Michael Silberberg, head of investor relations at crypto hedge fund Alt Tab Capital, said to expect "frothy price accumulation as capital will flow into the market from a new class of institutional buyers to crypto."

Read more: Why Is a Bitcoin ETF a Big Deal? Gold Provides a $100 Billion Answer

Shares of the Grayscale Bitcoin Trust (GBTC), the largest closed-end bitcoin fund that now has permission to convert into an ETF, popped to $40, their highest price since December 2021, TradingView data shows.

The stock price of Coinbase (COIN), the digital asset exchange whose custody service plays a key role for most bitcoin ETF issuers, was flat around $151. Bitcoin miners Marathon Digital (MARA) and Riot Platforms (RIOT) also remained unchanged.

Anticipation of the first bitcoin ETFs in the U.S. that can hold bitcoin, instead of just derivatives, has been a boon to the crypto market since Wall Street giant BlackRock filed paperwork in June to create one – a move soon followed by other applicants.

These vehicles are considered superior to already listed futures-based offerings, with bulls betting they will attract significant inflows to the largest cryptocurrency.

What's next for crypto prices

Despite 10 years of failed attempts to list spot bitcoin ETFs in the U.S., most market observers overwhelmingly expected regulatory approval this time, given BlackRock's track record of successful applications and asset manager Grayscale's court victory over the agency in August.

Now, attention turns to how much demand these investment vehicles will attract when they start trading.

While the ETFs may trade as soon as Thursday, the wider impact of the products will be seen in months, Ophelia Snyder, co-founder of crypto investment product issuer 21Shares, said in a CoinDesk interview.

Read more: Bitcoin ETF Listings Will Be Quick but Money Flows Could Take Months: 21Shares Co-Founder

Bartosz Lipiński, CEO at crypto trading platform Cube.Exchange, pointed out that ether outperformed bitcoin amid the news, suggesting that altcoins will also benefit.

"It's been a while since the second-largest digital asset moved 10% in a single day, so this is rather substantial," Lipiński said in an emailed note.

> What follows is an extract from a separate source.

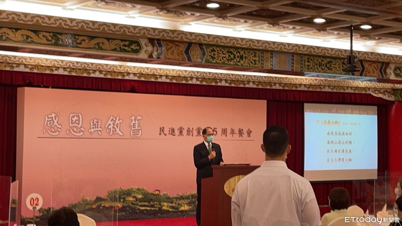 ▲立法院長游錫堃上午出席民進黨創黨35週年餐會。(圖/記者陶本和攝)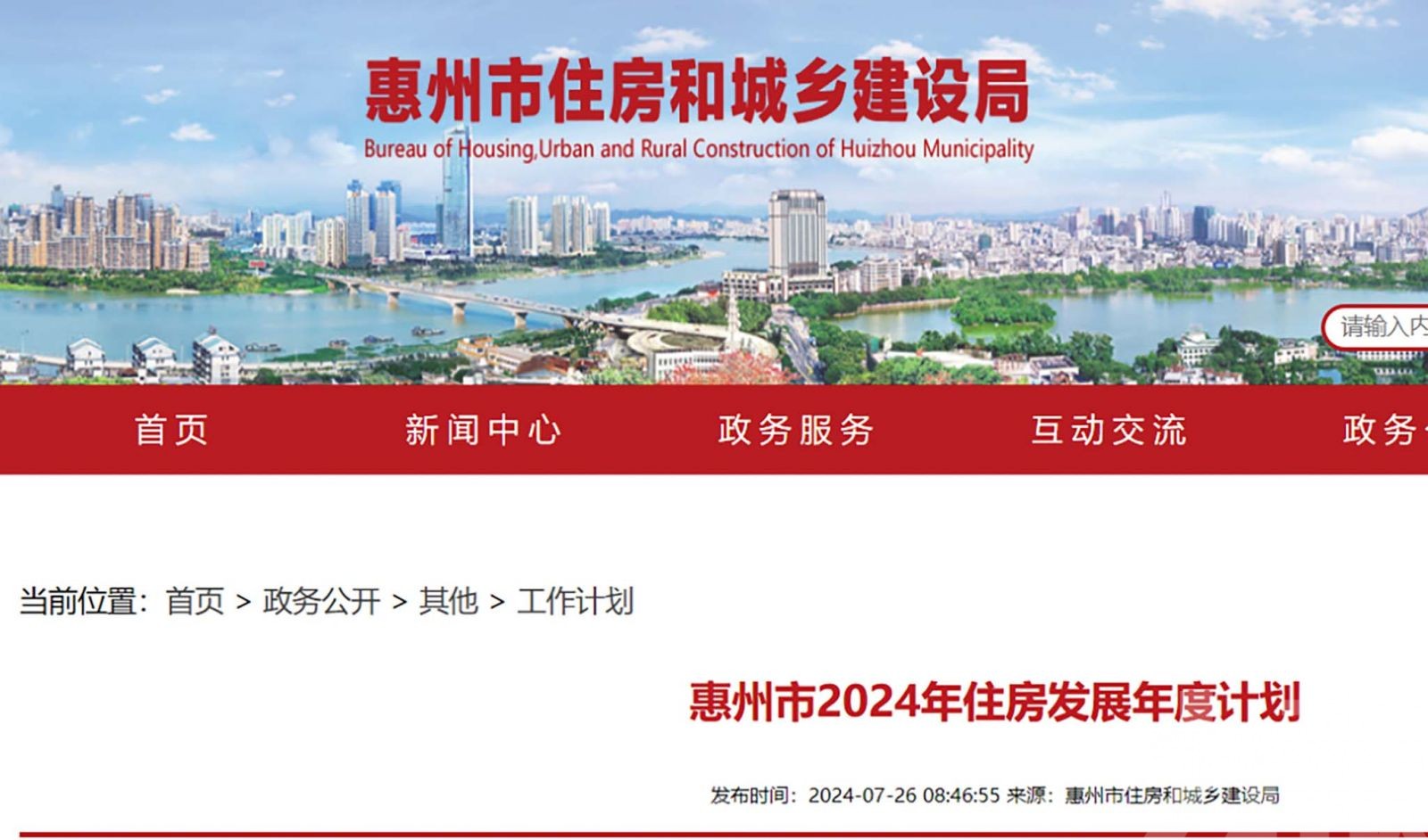 近日,惠州市住建局發布《惠州市2024年住房發展年度計劃》。

"Looking forward, it would make sense to see BTC eventually resume rallying higher as supply becomes more scarce while these 11 ETFs begin to gobble up significant amounts of supply," he explained. "With bitcoin potentially becoming harder to buy, it would also make sense that other coins begin to fill the void left behind."

"ETH, solana [SOL], Polygon [MATIC], and others could greatly benefit from this desire to find additional opportunities elsewhere in the digital assets ecosystem," Lipiński added.

UPDATE (Jan. 10, 22:35 UTC): Updates BTC price action. Adds comments from analysts throughout the story.